::: PROVIDED DATA

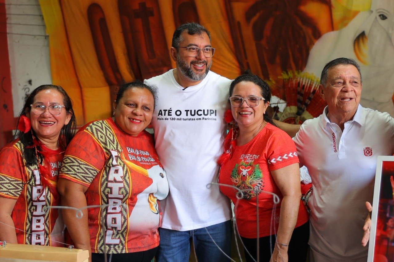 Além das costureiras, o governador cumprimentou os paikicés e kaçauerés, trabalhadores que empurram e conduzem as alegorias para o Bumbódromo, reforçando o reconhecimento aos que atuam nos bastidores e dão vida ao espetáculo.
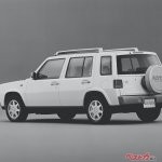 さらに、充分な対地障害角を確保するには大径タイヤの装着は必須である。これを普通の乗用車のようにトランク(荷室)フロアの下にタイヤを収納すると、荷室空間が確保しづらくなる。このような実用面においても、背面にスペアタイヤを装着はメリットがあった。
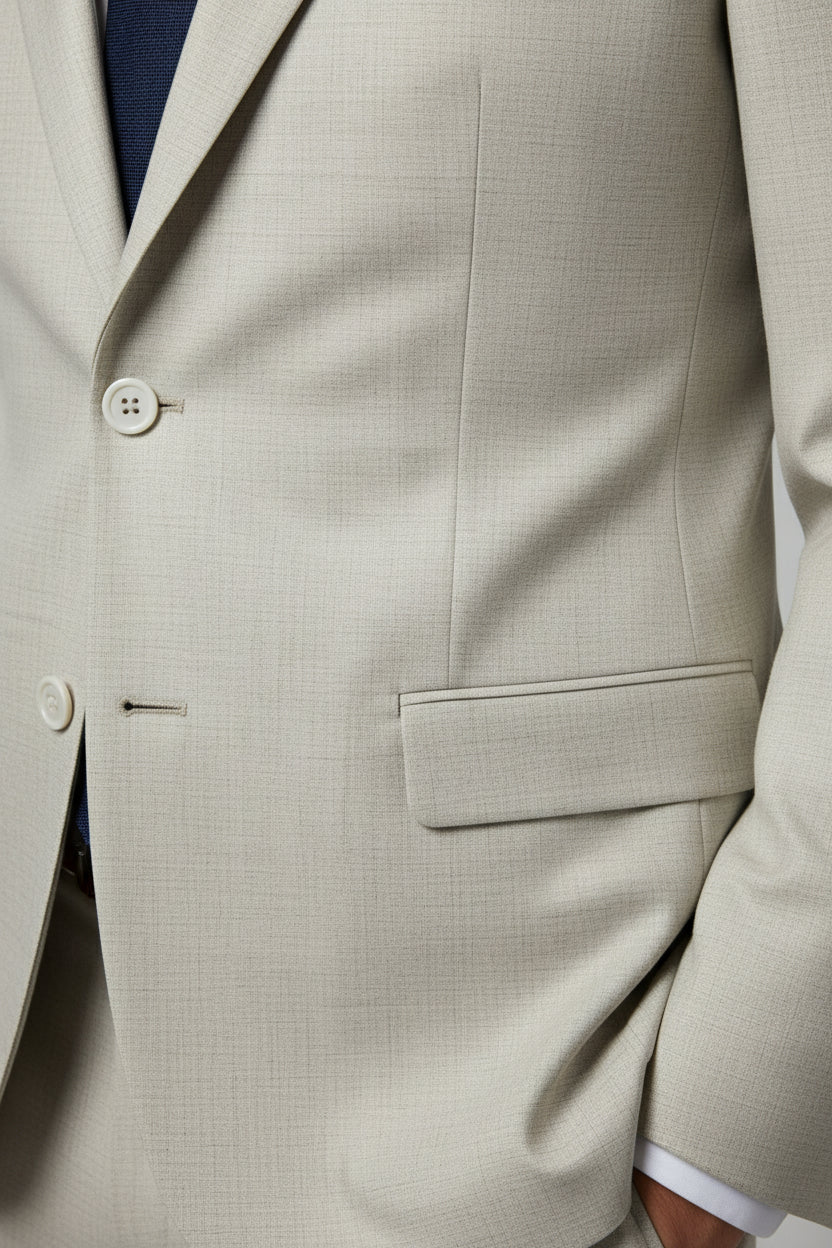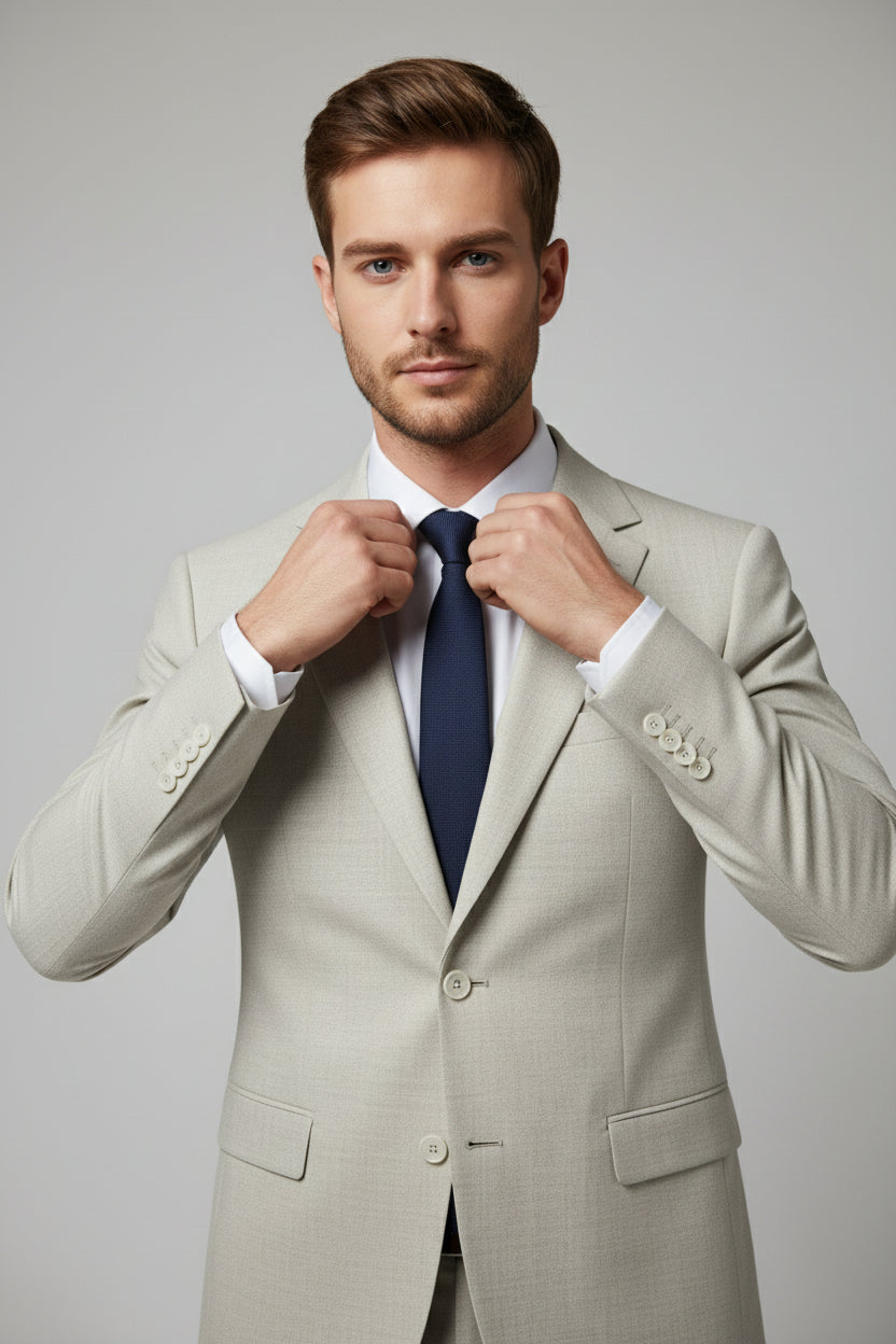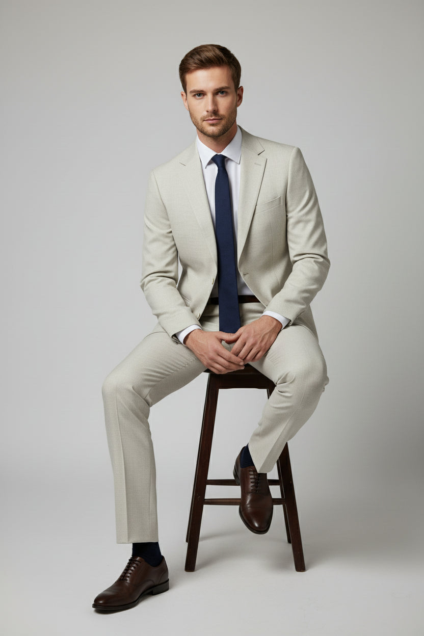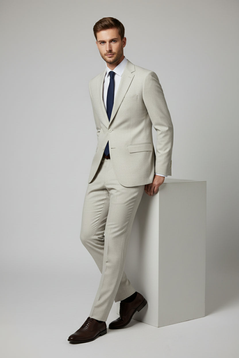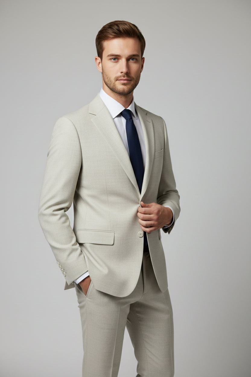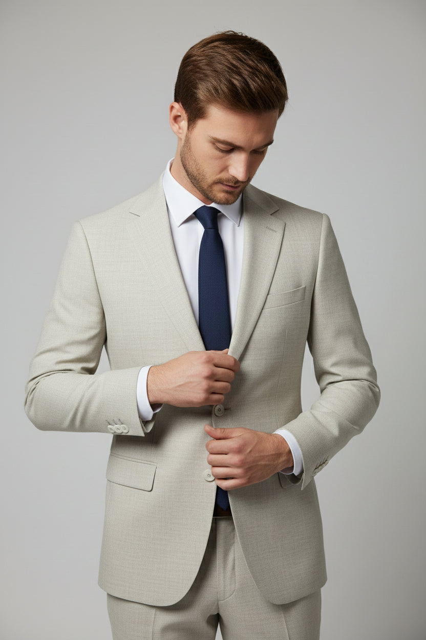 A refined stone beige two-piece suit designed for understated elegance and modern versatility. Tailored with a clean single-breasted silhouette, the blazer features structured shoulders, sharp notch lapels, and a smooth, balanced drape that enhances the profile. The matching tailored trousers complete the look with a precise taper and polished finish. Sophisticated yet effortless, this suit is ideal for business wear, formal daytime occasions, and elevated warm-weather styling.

::::::
::: PROVIDED DATA

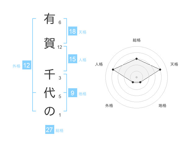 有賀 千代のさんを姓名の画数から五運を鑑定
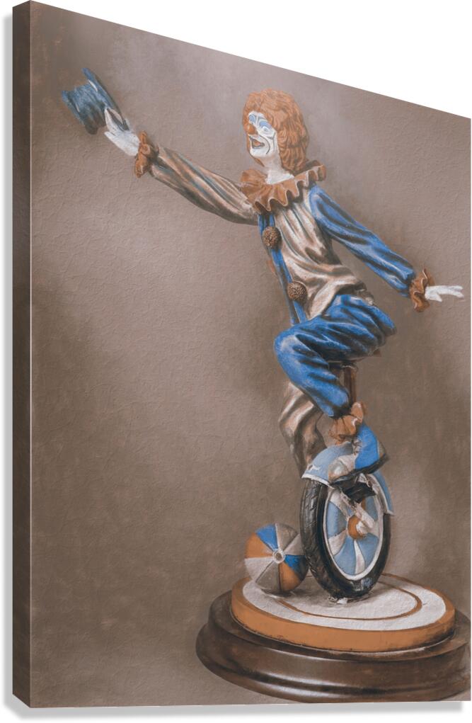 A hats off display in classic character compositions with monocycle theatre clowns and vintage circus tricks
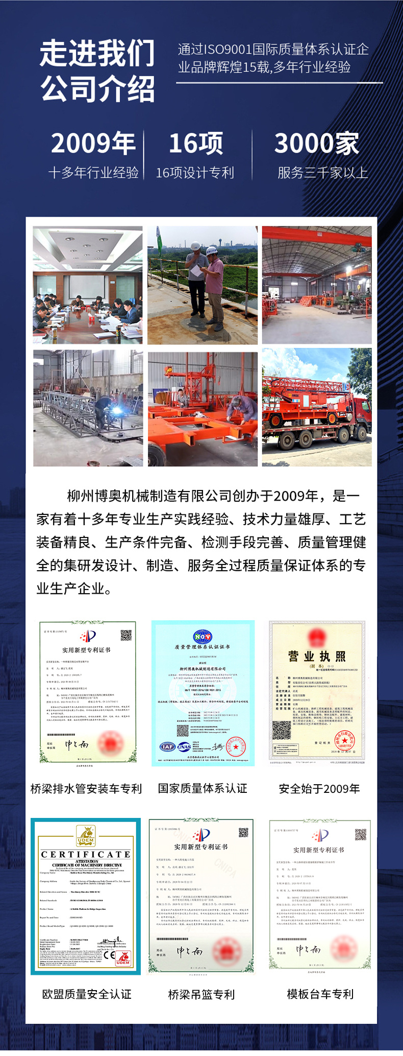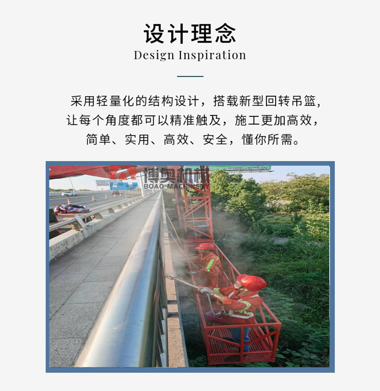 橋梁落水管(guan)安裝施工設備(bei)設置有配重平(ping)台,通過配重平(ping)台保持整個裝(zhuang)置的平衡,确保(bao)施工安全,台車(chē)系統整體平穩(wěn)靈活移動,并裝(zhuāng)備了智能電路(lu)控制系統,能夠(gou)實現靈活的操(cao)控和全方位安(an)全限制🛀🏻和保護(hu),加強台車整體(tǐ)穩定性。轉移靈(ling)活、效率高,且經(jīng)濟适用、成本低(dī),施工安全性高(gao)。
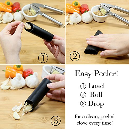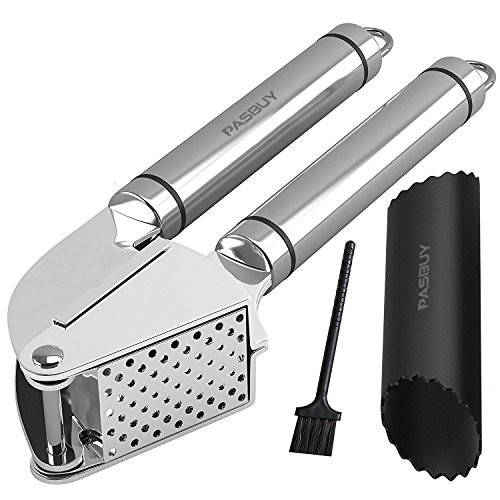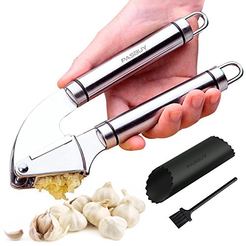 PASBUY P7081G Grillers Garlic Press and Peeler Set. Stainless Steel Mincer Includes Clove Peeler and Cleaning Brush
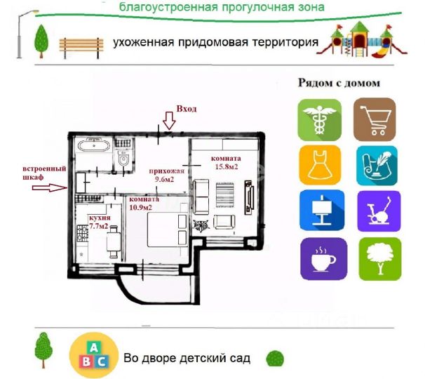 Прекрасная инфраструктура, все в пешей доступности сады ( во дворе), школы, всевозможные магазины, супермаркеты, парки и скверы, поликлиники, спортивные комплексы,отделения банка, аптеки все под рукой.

::::::

TASK ITEM: In the data above, find the line containing "A hats off display" and the line containing "橋梁落水管(guan)安裝施". Copy exactly the stretch from the first through the second, both included, leaving out any picture.

EXERCISE SOLUTION:
 A hats off display in classic character compositions with monocycle theatre clowns and vintage circus tricks
 橋梁落水管(guan)安裝施工設備(bei)設置有配重平(ping)台,通過配重平(ping)台保持整個裝(zhuang)置的平衡,确保(bao)施工安全,台車(chē)系統整體平穩(wěn)靈活移動,并裝(zhuāng)備了智能電路(lu)控制系統,能夠(gou)實現靈活的操(cao)控和全方位安(an)全限制🛀🏻和保護(hu),加強台車整體(tǐ)穩定性。轉移靈(ling)活、效率高,且經(jīng)濟适用、成本低(dī),施工安全性高(gao)。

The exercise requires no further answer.